The idea is to skip the pages we know are poisoned -- so we have a
chance to complete the migration without getting AR events :)

> 
> So it seems to me that migration will always cause an AR event, and the
> gap you describe will not occur. Does this make sense? Sorry if I
> misunderstood.
> 
> In general, the hardware is designed to detect and mark poison, and to
> not let poison escape a system undetected. In the strictest case, the
> hardware will perform a system reset if poison is leaving the system. In
> a more graceful case, the hardware will continue to pass the poison
> marker with the data, so the destination hardware will receive it. In
> both cases, the goal is to avoid silent data corruption, and to do so in
> the hardware, i.e. without relying on firmware or software management.
> The hardware designers are very keen on this point.

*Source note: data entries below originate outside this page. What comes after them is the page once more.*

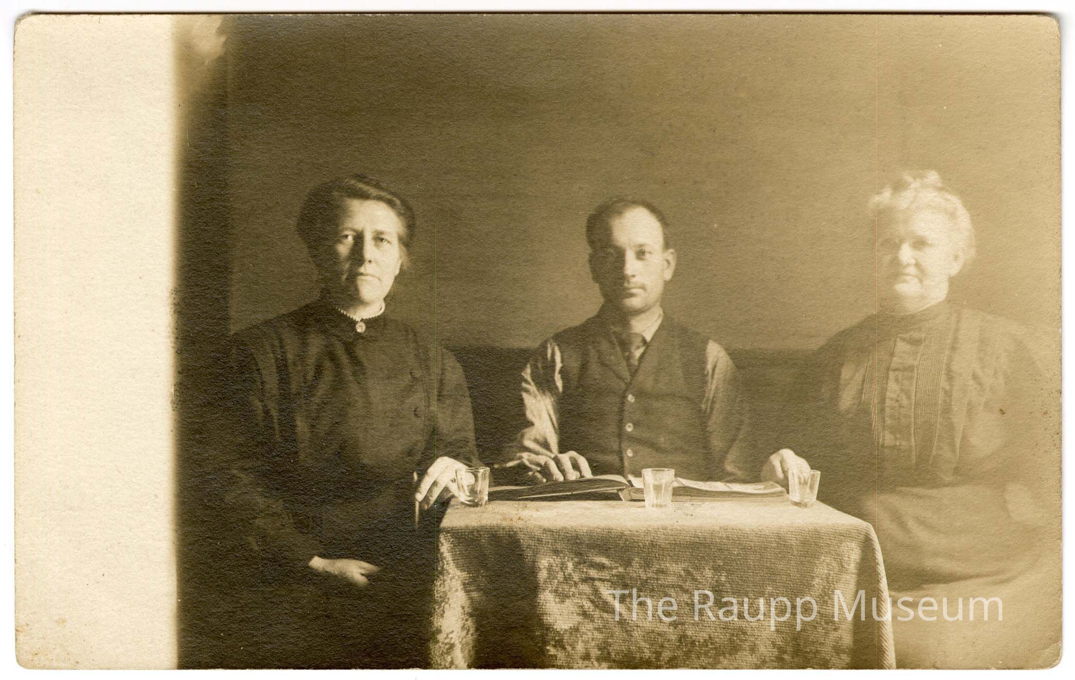 One (1) sepia-toned postcard photograph depicts three individuals sitting around a table, which is covered with a textured cloth. On the left, a woman in a dark dress with a high collar. Seated in the middle is a man wearing a vest and tie. On the right, an older woman dressed similarly in dark attire. The table in front of them holds small cups and an open book or possibly a photo album.
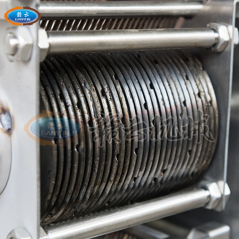 整機采用304不銹鋼板材封裝設計,板材標準1mm厚,刀片采用特質材質雙滾切刀,鋒利耐用,雙電機分別控制垂直刀組切割肉類,可一次成絲,可免工具拆卸清洗刀組,切肉速度快,力度強,切絲規格均勻
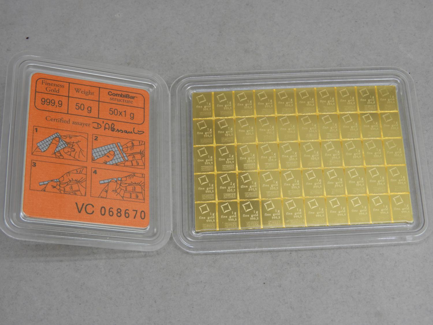 valcambi suisse comibar 50 gram 999.9 fine gold wafter bar
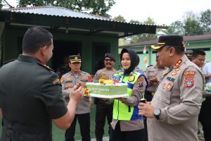 Rombongan Kapolres disambut langsung Komandan Kodim (Dandim) 0210/TU Letkol Inf Saiful Rizal bersama anggotanya.
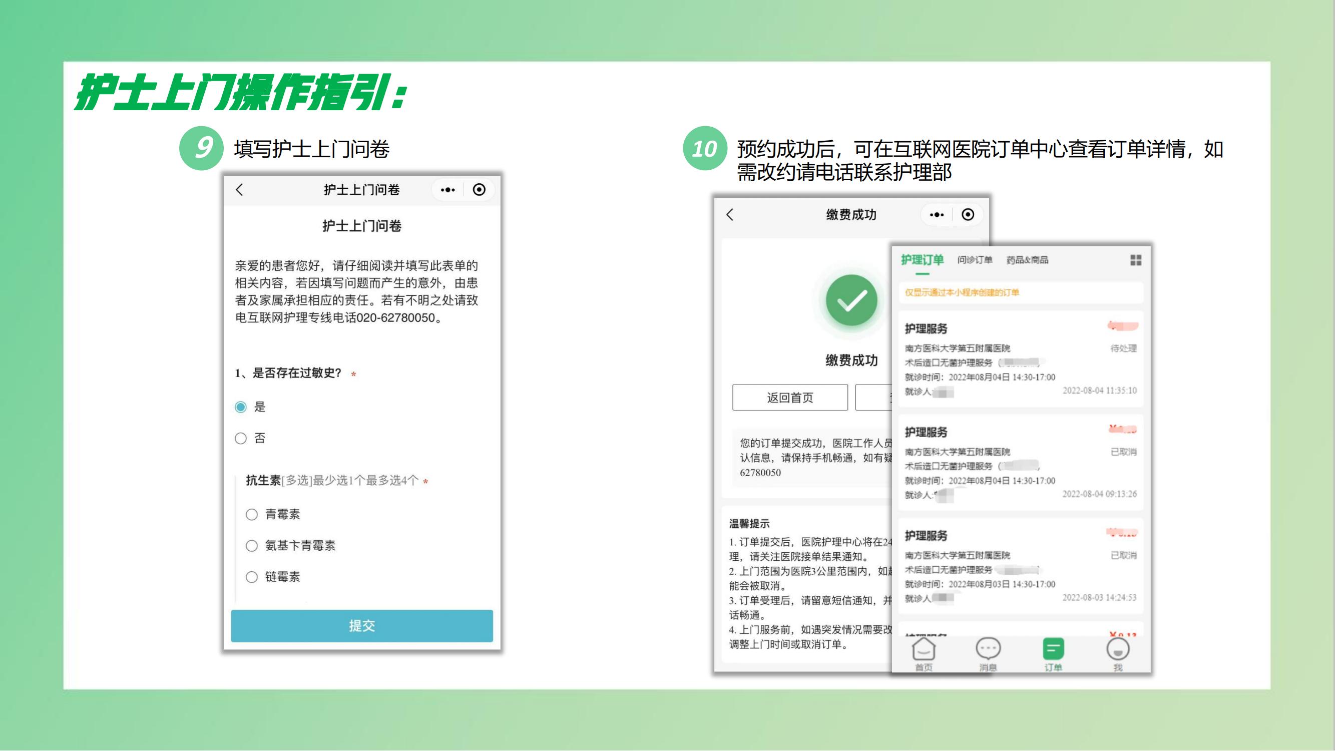 南方医科大学第五附属医院制定了相应的操作流程与服务规范,以达到“线上线下,同质管理”的要求,保证“互联网+护理服务”的规范开展,保障护患双方的合法权益,希望患者在家就能够享受到专科护理带来的方便和快捷。
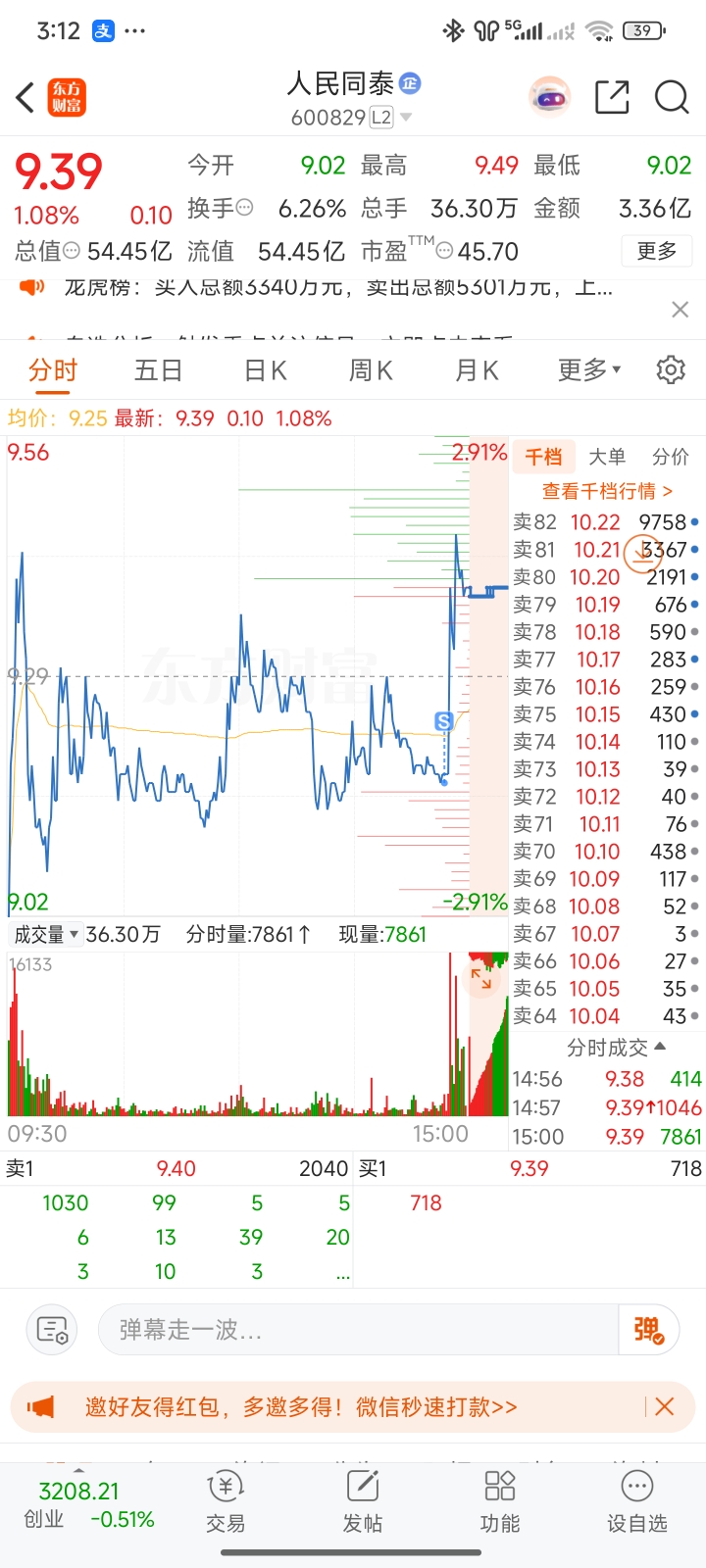 $人民同泰(SH600829)$
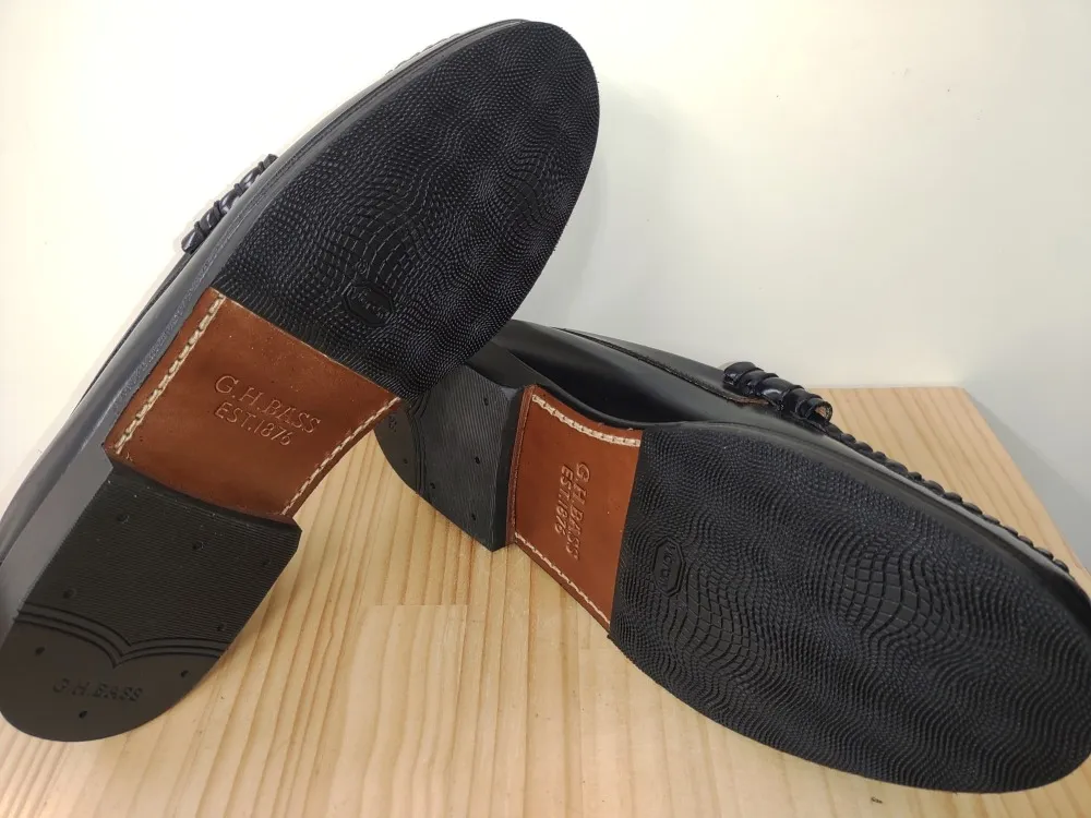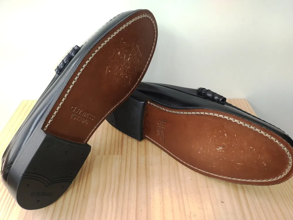 白と黒のコントラストが印象的なG.H.BASS(ジーエイチバス)のローファーです。新品です。ハーフソールを貼りたいということでご来店頂きました。
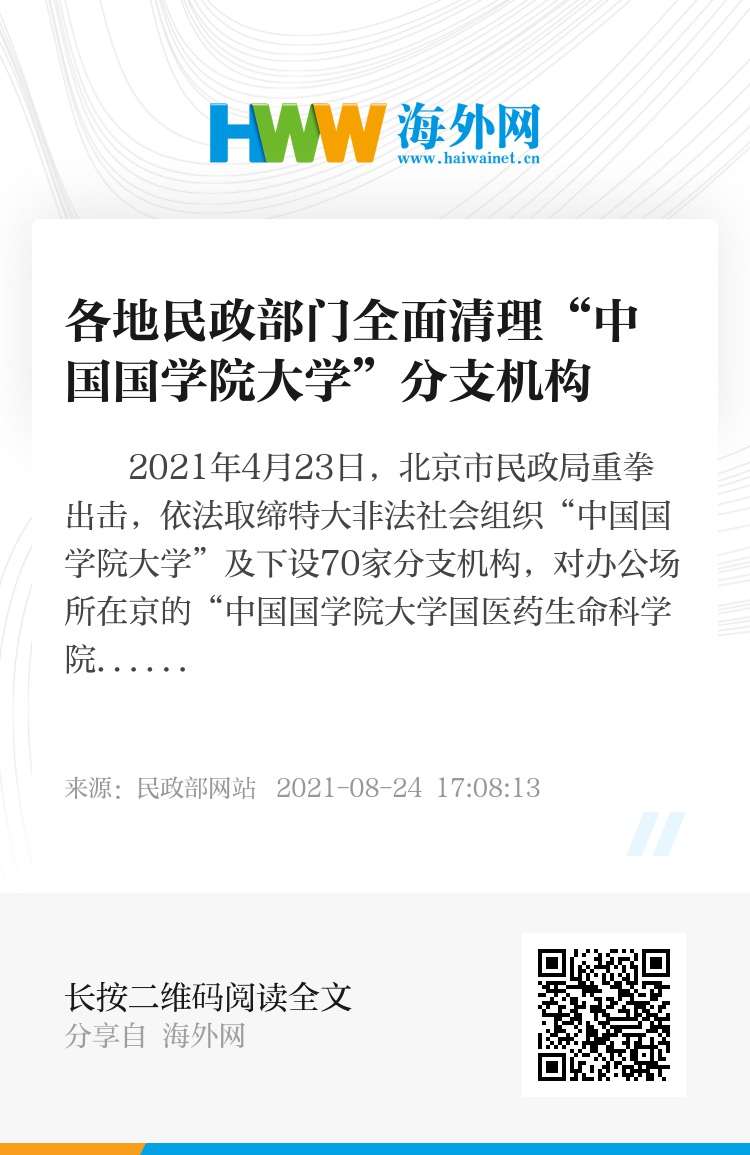 2021年4月23日,北京市民政局重拳出击,依法取缔特大非法社会组织“中国国学院大学”及下设70家分支机构,对办公场所在京的“中国国学院大学国医药生命科学院”、“中国国学院大学国医药生命科学院量子医学研究院”两家分支机构予以摘牌,拔除了社会组织领域的一颗“毒瘤”。
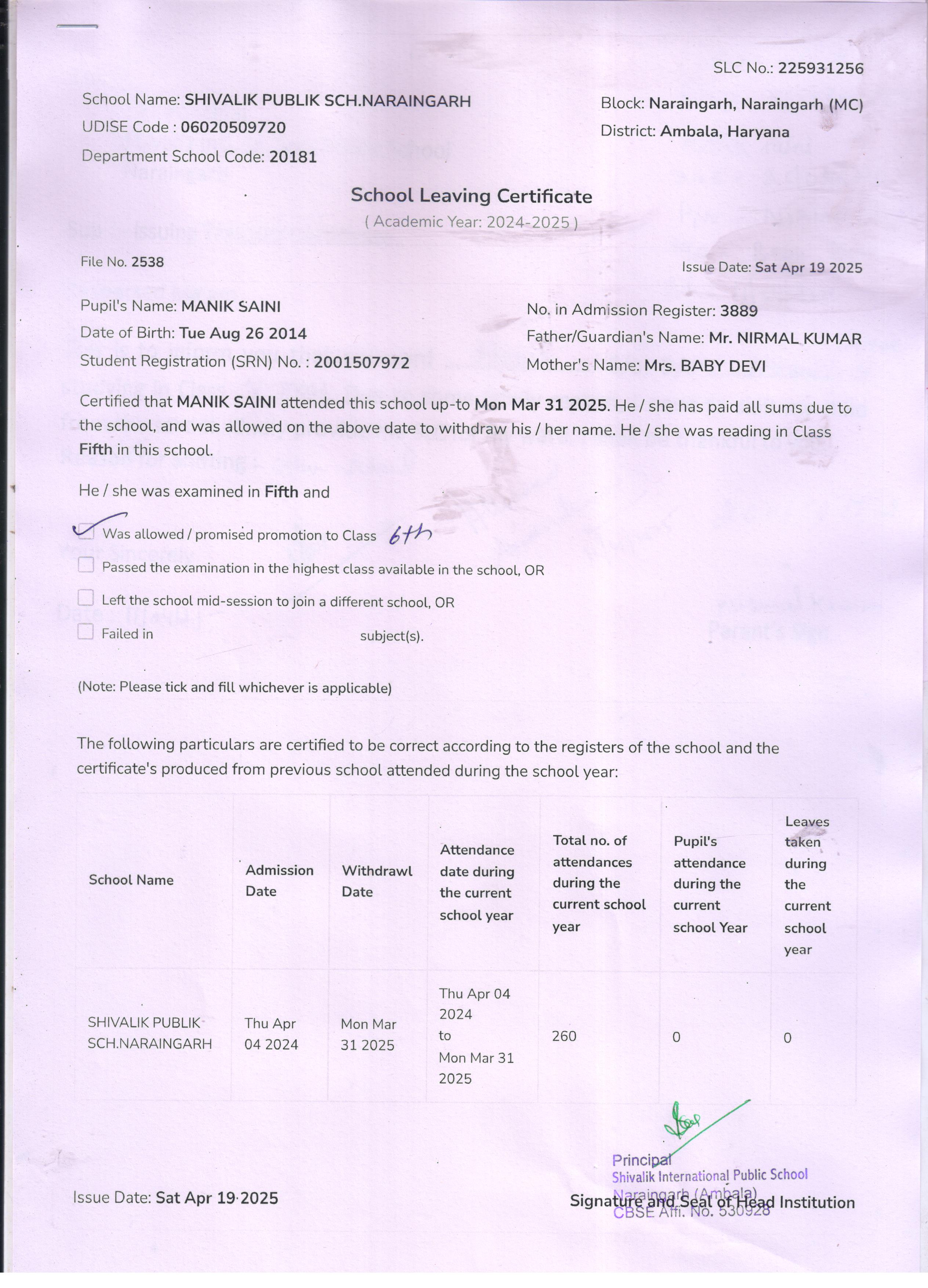 86 3889 MANIK SAINI NIRMAL SINGH 2024-25 Attachment
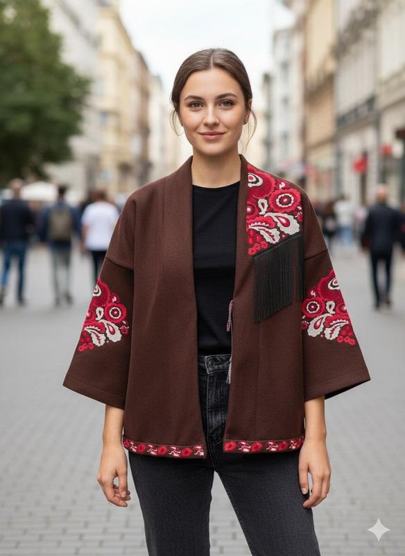 Піджак-накидка з еко-кашеміру На зав'язках, укорочений рукав. Без підкладки арт5563 Розмір S на ог до 90-92, Розмір M на ог до 96-100, Розмір L на ог до 106-112
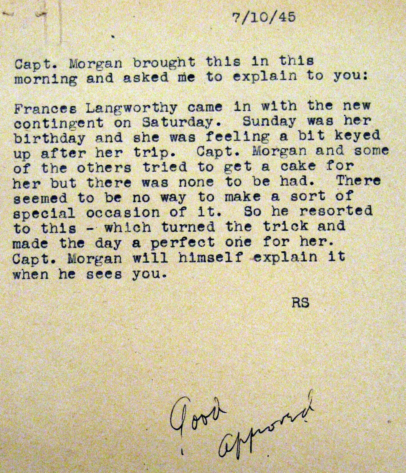 Jackson returned to London on Wednesday, July 11. In his office “In Box,” he found a note, typed by his secretary. It was paper-clipped to a carbon copy of “his” birthday note to Langworthy.
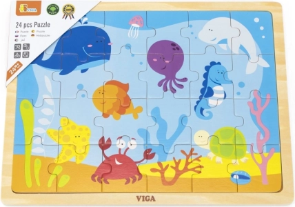 Jautra koka puzle ar zemūdens pasaules motīvu ir ideāla izklaide bērniem. 24 gabaliņu salikšana palīdz attīstīt kognitīvās un motoriskās prasmes.
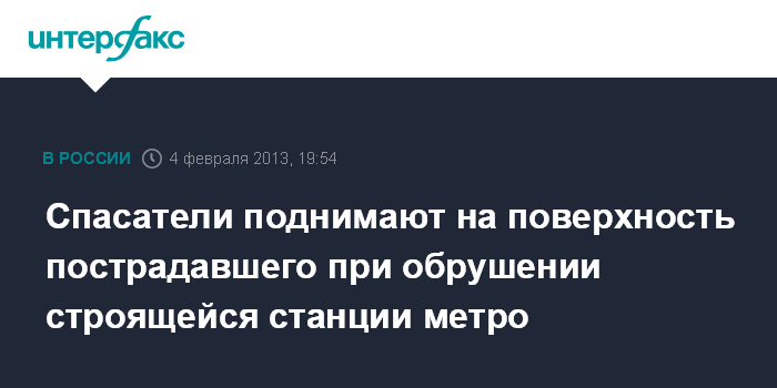 Спасатели поднимают на поверхность пострадавшего при обрушении строящейся станции метро
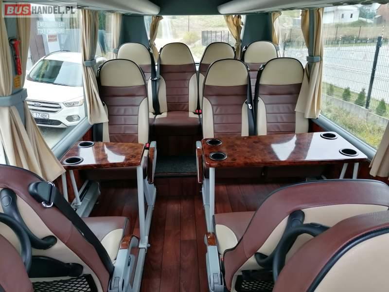 : video, lodówka, fotele odchylane, oświetlenie indywidualne, nawiewy dyszowe, siateczki, ABS, ASR, tempomat, retarder, CD, podnóżki, stoliczki, mikrofon, klimatyzacja, radio, centralny zamek, podwójne szyby boczne, wspomaganie kierownicy, elektryczne lusterka, fotele odchylane i rozsuwane, DVD, ogrzewanie stacjonarne, hak holowniczy, ESP
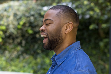 African American man laughing in profile in garden wearing denim shirt nose stud, copy space. Natural, candid, vibrant, relaxed, outdoor, joyful, casual

For the moment virtualization needs *several* enhancements just to deal
with memory errors -- what we are currently trying to fix is a good
example of that !

> 
> BTW, the RDMA case will need further discussion. I *think* this would
> fall under the "strictest" case. And likely, CPU-based migration will
> also. But I think we can test this and find out. :)

The test has been done, and showed that the RDMA migration is failing
when poison exists.
But we are discussing aspects that are probably too far from our main
topic here.

> 
>>>
>>> Please note that current AMD systems use an internal poison marker on
>>> memory. This cannot be cleared through normal memory operations. The
>>> only exception, I think, is to use the CLZERO instruction. This will
>>> completely wipe a cacheline including metadata like poison, etc.
>>>
>>> So the hardware should not (by design) loose track of poisoned data.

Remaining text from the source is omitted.